When I get close with extension tube I found little bit of breeze pushes subject off focus.
Yesterday I was trying a flower and could not get eve a single sharp shot.

I use manual focus on focus rail.
50mm 1.8 with 36mm ext tube.
F11 to 22

How do you do macro in open environment? Here higher shutter speed will not help.


----------



## Hillsilly (Feb 1, 2015)

Check out a device called the "Plamp". It is a clamp for holding plants still.

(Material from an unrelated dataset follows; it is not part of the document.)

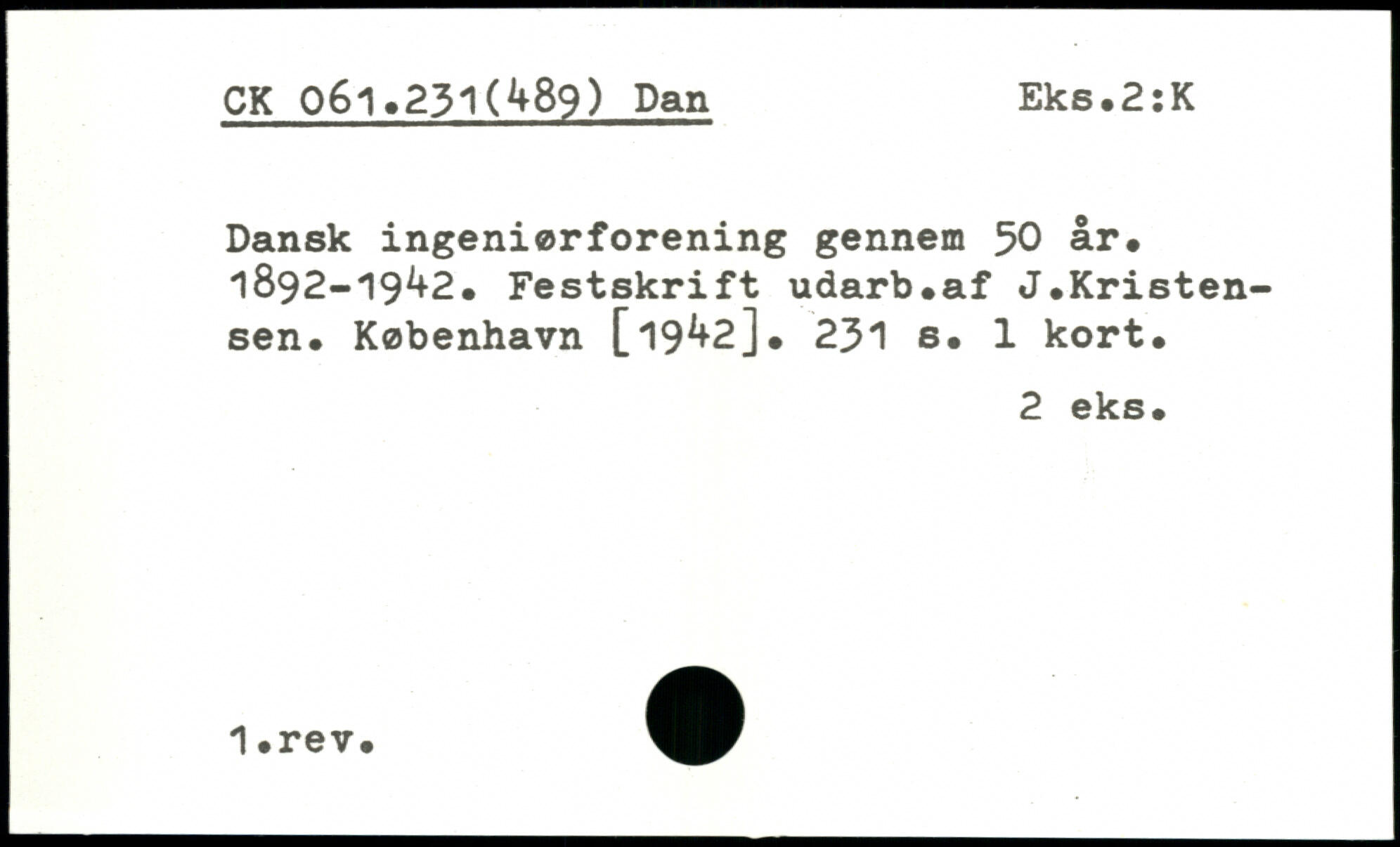 Dansk ingeniørforening gennem 50 år. 1892-19^2. Festskrift udarb.af J.Kristen-sen. København [19^2]. 231 6. 1 kort.

Where I am, shooting just after dawn helps as there tends to be less wind than later in the day.


----------



## mukul (Feb 1, 2015)

Will a AF Macro lens in "AI Focus" give better result as it will track subject movement?


----------



## sumanchak (Feb 1, 2015)

My Macro at the garden...


----------



## Click (Feb 1, 2015)

Very nice, sumanchak. Welcome to cr


----------



## danski0224 (Feb 1, 2015)

mukul said:


> When I get close with extension tube I found little bit of breeze pushes subject off focus.
> Yesterday I was trying a flower and could not get eve a single sharp shot.
> 
> I use manual focus on focus rail.
> ...



If you are trying to get the whole subject sharp/in focus, you will need to take multiple images, each focused differently on your rail (not by changing the focus on the lens), and merge them.

Macro depth of field is quite short.



mukul said:


> Will a AF Macro lens in "AI Focus" give better result as it will track subject movement?



It will, to a point.

As focus changes, so does your macro magnification. It is called "focus breathing". If the magnification changes do not matter to you, then AI Focus may help.

Something to block the wind may help, too.


----------